--- SOURCE MATERIAL ---

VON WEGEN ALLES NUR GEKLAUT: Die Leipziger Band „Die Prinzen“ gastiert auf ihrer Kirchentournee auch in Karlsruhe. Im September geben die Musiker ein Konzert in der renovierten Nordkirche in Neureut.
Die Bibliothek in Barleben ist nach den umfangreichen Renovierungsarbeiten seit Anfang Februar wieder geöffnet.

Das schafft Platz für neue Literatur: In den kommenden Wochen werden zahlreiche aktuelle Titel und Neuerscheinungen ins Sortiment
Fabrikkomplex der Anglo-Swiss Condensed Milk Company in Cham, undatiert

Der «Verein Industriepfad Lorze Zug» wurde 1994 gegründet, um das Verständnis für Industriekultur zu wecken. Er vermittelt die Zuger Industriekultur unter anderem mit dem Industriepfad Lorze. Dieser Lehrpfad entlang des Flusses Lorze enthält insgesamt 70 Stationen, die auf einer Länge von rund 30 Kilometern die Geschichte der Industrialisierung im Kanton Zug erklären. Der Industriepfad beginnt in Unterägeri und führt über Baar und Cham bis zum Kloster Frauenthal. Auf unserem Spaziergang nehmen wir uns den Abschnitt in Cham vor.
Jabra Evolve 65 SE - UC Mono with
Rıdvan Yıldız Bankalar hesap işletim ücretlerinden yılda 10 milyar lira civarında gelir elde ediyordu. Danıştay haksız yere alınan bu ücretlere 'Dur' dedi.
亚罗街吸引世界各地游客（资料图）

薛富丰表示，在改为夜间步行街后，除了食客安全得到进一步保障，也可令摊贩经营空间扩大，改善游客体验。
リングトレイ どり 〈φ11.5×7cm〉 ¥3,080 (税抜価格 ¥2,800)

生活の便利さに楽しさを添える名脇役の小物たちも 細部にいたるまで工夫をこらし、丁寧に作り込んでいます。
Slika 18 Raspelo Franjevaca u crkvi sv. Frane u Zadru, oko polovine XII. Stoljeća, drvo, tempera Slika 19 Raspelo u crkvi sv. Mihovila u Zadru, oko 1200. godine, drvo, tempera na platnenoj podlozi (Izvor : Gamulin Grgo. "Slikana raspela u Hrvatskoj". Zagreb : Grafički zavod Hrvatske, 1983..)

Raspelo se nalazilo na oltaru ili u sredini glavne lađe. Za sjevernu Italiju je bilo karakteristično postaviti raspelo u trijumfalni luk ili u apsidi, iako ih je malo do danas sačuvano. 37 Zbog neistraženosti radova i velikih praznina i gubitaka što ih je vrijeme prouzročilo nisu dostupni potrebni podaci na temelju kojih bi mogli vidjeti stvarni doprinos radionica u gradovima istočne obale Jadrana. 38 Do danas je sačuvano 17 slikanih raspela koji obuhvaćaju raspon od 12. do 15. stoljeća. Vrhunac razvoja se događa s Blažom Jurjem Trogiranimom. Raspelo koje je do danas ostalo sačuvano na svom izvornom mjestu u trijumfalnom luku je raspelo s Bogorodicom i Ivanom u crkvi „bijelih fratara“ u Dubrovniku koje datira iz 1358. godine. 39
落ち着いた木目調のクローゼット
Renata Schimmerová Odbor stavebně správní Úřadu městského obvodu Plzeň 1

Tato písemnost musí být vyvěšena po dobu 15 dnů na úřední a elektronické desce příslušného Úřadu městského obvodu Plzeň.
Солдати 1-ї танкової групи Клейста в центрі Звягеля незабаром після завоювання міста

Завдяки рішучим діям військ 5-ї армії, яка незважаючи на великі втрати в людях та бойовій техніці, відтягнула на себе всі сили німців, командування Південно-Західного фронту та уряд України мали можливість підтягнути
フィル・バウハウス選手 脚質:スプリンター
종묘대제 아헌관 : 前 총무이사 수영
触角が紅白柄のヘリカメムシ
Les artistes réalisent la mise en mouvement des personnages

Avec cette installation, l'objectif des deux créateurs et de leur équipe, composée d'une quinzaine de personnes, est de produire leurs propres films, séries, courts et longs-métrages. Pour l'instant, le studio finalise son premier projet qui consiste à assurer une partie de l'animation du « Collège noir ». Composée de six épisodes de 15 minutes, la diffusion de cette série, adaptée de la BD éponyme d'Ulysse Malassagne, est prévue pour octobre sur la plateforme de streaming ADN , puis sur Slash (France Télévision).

---

**EXERCISE**
Please output the exact lines of the records above, beginning with the first and stopping after the line that holds "Slika 18 Raspelo", and nothing else.

**FINISHED EXERCISE**
VON WEGEN ALLES NUR GEKLAUT: Die Leipziger Band „Die Prinzen“ gastiert auf ihrer Kirchentournee auch in Karlsruhe. Im September geben die Musiker ein Konzert in der renovierten Nordkirche in Neureut.
Die Bibliothek in Barleben ist nach den umfangreichen Renovierungsarbeiten seit Anfang Februar wieder geöffnet.

Das schafft Platz für neue Literatur: In den kommenden Wochen werden zahlreiche aktuelle Titel und Neuerscheinungen ins Sortiment
Fabrikkomplex der Anglo-Swiss Condensed Milk Company in Cham, undatiert

Der «Verein Industriepfad Lorze Zug» wurde 1994 gegründet, um das Verständnis für Industriekultur zu wecken. Er vermittelt die Zuger Industriekultur unter anderem mit dem Industriepfad Lorze. Dieser Lehrpfad entlang des Flusses Lorze enthält insgesamt 70 Stationen, die auf einer Länge von rund 30 Kilometern die Geschichte der Industrialisierung im Kanton Zug erklären. Der Industriepfad beginnt in Unterägeri und führt über Baar und Cham bis zum Kloster Frauenthal. Auf unserem Spaziergang nehmen wir uns den Abschnitt in Cham vor.
Jabra Evolve 65 SE - UC Mono with
Rıdvan Yıldız Bankalar hesap işletim ücretlerinden yılda 10 milyar lira civarında gelir elde ediyordu. Danıştay haksız yere alınan bu ücretlere 'Dur' dedi.
亚罗街吸引世界各地游客（资料图）

薛富丰表示，在改为夜间步行街后，除了食客安全得到进一步保障，也可令摊贩经营空间扩大，改善游客体验。
リングトレイ どり 〈φ11.5×7cm〉 ¥3,080 (税抜価格 ¥2,800)

生活の便利さに楽しさを添える名脇役の小物たちも 細部にいたるまで工夫をこらし、丁寧に作り込んでいます。
Slika 18 Raspelo Franjevaca u crkvi sv. Frane u Zadru, oko polovine XII. Stoljeća, drvo, tempera Slika 19 Raspelo u crkvi sv. Mihovila u Zadru, oko 1200. godine, drvo, tempera na platnenoj podlozi (Izvor : Gamulin Grgo. "Slikana raspela u Hrvatskoj". Zagreb : Grafički zavod Hrvatske, 1983..)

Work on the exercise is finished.